**How to complete this task**.
Set down, without alteration, the lines from the one that contains "- 10:30 A.M. Sunday, Holy Eucharist Rite II" through the final line of the material below.

**Records for the task**.

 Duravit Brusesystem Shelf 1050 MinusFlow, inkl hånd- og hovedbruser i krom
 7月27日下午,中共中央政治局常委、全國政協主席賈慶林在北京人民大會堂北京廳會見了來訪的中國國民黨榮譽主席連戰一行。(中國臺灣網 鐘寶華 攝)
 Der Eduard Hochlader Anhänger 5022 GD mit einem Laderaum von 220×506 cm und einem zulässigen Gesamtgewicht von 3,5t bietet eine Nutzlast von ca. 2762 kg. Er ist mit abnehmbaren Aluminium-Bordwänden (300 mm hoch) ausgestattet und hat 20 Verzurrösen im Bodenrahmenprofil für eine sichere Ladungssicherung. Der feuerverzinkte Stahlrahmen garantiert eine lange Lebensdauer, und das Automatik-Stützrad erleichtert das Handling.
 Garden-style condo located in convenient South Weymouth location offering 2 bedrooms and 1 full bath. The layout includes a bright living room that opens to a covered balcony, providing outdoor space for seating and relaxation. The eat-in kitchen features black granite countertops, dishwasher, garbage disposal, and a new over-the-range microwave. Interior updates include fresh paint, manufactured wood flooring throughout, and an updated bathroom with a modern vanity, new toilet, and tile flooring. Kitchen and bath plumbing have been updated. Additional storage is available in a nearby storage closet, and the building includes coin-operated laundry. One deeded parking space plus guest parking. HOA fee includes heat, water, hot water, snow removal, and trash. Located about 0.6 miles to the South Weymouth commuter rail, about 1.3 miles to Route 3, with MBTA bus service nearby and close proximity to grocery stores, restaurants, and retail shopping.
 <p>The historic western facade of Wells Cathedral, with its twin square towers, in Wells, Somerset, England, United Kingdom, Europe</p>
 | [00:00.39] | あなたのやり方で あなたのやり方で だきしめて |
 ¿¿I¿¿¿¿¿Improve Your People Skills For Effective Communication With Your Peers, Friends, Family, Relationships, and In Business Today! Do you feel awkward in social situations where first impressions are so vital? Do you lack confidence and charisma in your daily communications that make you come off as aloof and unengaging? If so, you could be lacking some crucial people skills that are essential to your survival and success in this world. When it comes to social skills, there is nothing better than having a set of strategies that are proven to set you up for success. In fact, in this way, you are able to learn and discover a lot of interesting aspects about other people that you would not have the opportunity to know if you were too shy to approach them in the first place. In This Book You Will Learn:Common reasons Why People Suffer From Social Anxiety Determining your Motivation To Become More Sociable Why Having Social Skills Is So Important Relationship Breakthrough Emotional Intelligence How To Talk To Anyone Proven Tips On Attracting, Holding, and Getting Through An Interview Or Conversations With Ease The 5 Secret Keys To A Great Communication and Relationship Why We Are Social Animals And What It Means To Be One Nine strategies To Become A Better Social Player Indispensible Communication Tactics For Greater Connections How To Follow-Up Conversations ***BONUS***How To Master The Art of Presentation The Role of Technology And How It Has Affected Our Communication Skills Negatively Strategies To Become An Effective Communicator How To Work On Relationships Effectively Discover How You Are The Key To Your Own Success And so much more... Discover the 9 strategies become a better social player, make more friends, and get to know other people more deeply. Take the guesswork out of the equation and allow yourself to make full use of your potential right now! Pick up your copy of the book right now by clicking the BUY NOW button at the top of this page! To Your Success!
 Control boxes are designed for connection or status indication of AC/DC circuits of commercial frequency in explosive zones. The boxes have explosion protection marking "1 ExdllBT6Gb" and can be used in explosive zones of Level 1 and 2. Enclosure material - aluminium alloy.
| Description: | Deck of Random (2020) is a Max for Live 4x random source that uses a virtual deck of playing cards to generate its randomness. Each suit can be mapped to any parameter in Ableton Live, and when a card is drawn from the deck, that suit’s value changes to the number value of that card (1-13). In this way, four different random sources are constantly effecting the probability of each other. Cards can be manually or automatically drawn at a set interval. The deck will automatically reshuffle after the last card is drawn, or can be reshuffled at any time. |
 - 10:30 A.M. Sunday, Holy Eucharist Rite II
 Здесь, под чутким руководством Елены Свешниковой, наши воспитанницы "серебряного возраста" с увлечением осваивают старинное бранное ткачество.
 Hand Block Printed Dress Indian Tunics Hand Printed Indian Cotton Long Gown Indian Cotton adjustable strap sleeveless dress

**Task result**.
 - 10:30 A.M. Sunday, Holy Eucharist Rite II
 Здесь, под чутким руководством Елены Свешниковой, наши воспитанницы "серебряного возраста" с увлечением осваивают старинное бранное ткачество.
 Hand Block Printed Dress Indian Tunics Hand Printed Indian Cotton Long Gown Indian Cotton adjustable strap sleeveless dress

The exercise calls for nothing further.